= Lona Warren =

Argentine jazz singer, journalist and composer

Lona Warren (17 December 1922 - 21 July 2007) was an Argentine jazz and blues singer, journalist and composer.

==Early life==
Dafne Elba Elvira Roca, better known by her stage name Lona Warren, was born in Buenos Aires, Argentina, on 17 December 1922. Her mother's family owned the "El Central" hotel in the city of Villa Gobernador Gálvez, Santa Fe province. The hotel was later run, unsuccessfully, by her father. Warren attended an English language school from the age of three. Her mother died in 1935. Warren continued to live with her father although spent around a year with a family in Rosario. At the age of 14, through listening to recordings, she realised that she liked jazz. Some time later, she travelled to Buenos Aires with her father to stay with an aunt and cousin, Orlando, a young fan of jazz music. Father and daughter stayed in Buenos Aires and her education continued, first at Pensionado de las Madres Franciscanas and then at the Domingo Faustino Sarmiento teacher training college. Warren completed her training as an English teacher at Codwell Academy around the age of 20 and could then be employed in this profession. She was proficient in French, Portuguese and Italian as well as English.

==Career==
While at the Codwell Academy, she met Raúl Sánchez Reynoso, the director of the Santa Paula Serenaders orchestra, who hired her as a singer. Her first appearance was 15 November 1942 and she was an immediate success.

She adopted a stage name at Sánchez Reynoso's suggestion and chose Lona Warren. Multiple accounts tell of why she selected this name. She has said she chose 'Lona' from the writer Lona O'Day but also that the name was inspired by her cousin, boxer Amílcar Brusa, saying that canvas (lona in Spanish) was the characteristic feature of boxing. She said that the surname Warren was inspired by the partnership of composers and lyricists Harry Warren and Mack Gordon. During her career, she was given the pseudonym "Lady Crooner".

By 1943, she had performed with Joe Ríspoli in Cuatro Reyes y una Reina, Don Dean and appeared on Radio Belgrano with big band leader Raúl Marengo. In 1946 she joined the third formation of the Cotton Pickers band. She then worked for three years with Eduardo Ferri and then as a soloist at the Violin Bar, a Hungarian venue directed by the violinist Sandor. Between 1946 and 1947 she sang with Héctor Lomuto's orchestra.

In 1946, Cotton Pickers 2 was re-formed under Ahmed Ratip, with whom she performed and recorded until 1950. From 1947 until the 1950s, she made about fifteen records with them. In 1950 she appeared on the programme Radio The World with music conducted by Pierre Maffeu. In 1951, she appeared as a soloist on an RCA Victor recording with an orchestra led by Vieri Fidanzini where she sang Hombre al que amo. She also appeared on the cover of Radio Film magazine. In 1951 she joined the roster of soloists on Radio Belgrano, performing with house orchestras led by Raúl Bianchi and Dante Amicarelli.

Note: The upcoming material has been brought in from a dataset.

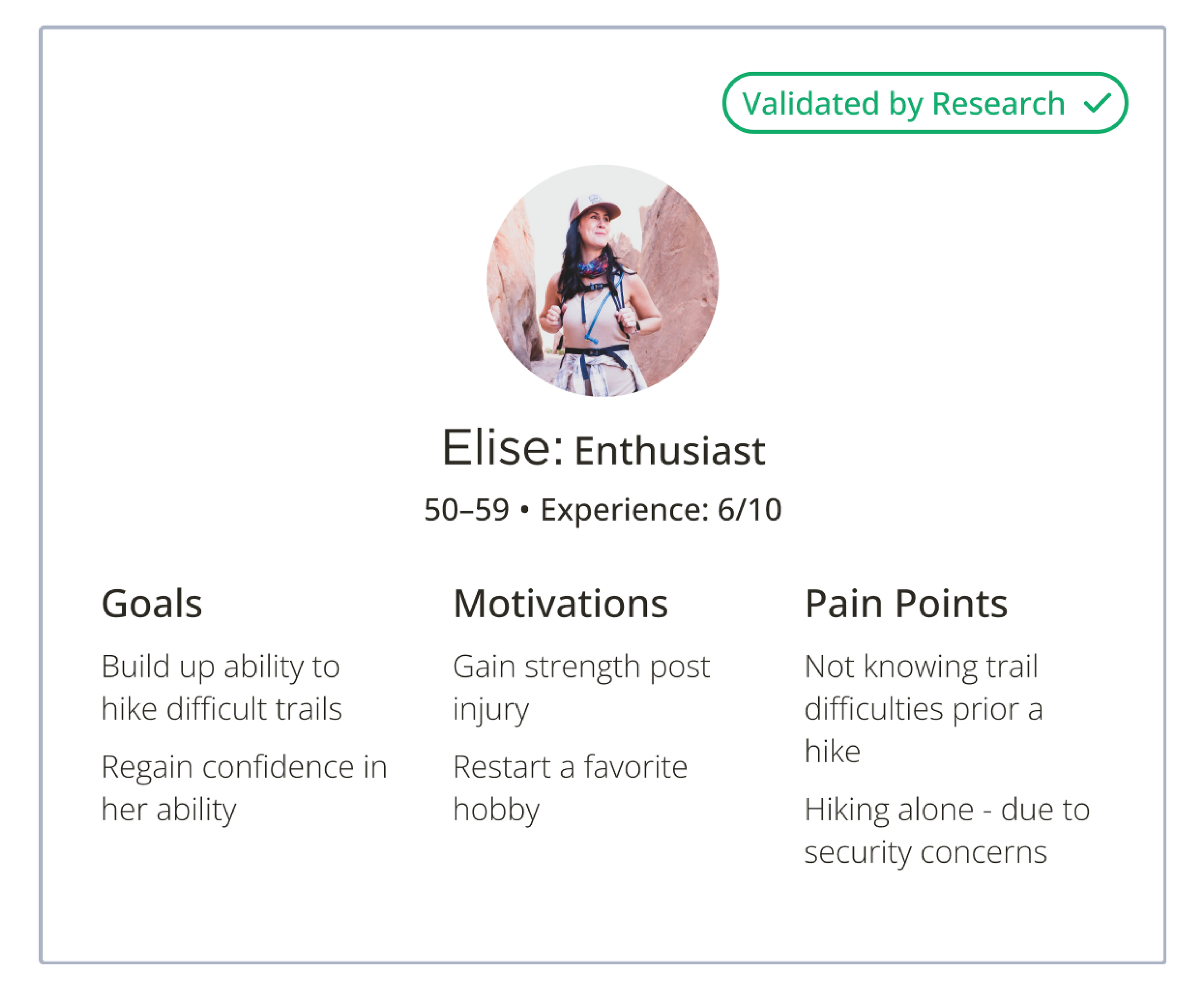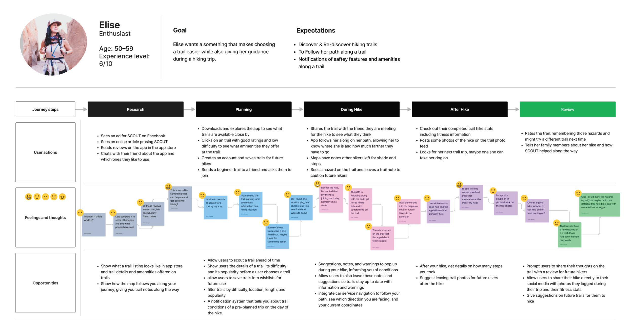 After our personas were validated, we then utilized them to map out customer journeys. This allowed us to understand how a hiker might utilize our product to complete their goals.

After returning from a successful tour of Brazil, she retired from performance. After her performance career from 1952 onwards, Warren became a professional journalist, which combined better with her family life. Her reports were mainly on jazz music, and were on the radio as well. She wrote a column for Jazz Magazine called, "They're things from ... Lona Warren." She interviewed Nat King Cole and, for a photo, dressed him as a gaucho and made him drink maté. She also interviewed Ella Fitzgerald. In 1944 she began the Rhythm Cocktail show featuring jazz on Radio Libertad. She hosted a second programme on the same station El show de Lona Warren featuring popular jazz musicians and groups as guests.

She also composed music and lyrics for at least 55 works, either alone or with others including Ray Nolan, José Finkel, Juan Carlos Bera, Inés M. Fernández, Largo Novarro, Chico Novarro, Mito García, Ahmet Ratip, Mario Luis Giménez and Tito Adam. Some of her compositions were recorded by others, such as Abuelita that the singer Elder Barber included in one of her albums released by the Odeón label in Spain in 1958.

In 1973 she returned to performance, appearing at the General San Martín Cultural Center and on television. In 1980 she sang in the show Melodies of Hollywood at the Café Tortoni in Buenos Aires as part of a tribute to Gordon Stretton. Warren continued singing, especially in musical comedies until 22 April 1986. She appeared on the program Los Miedos on Channel 9 in 1982.

She died in Buenos Aires on the 21st of July, 2007.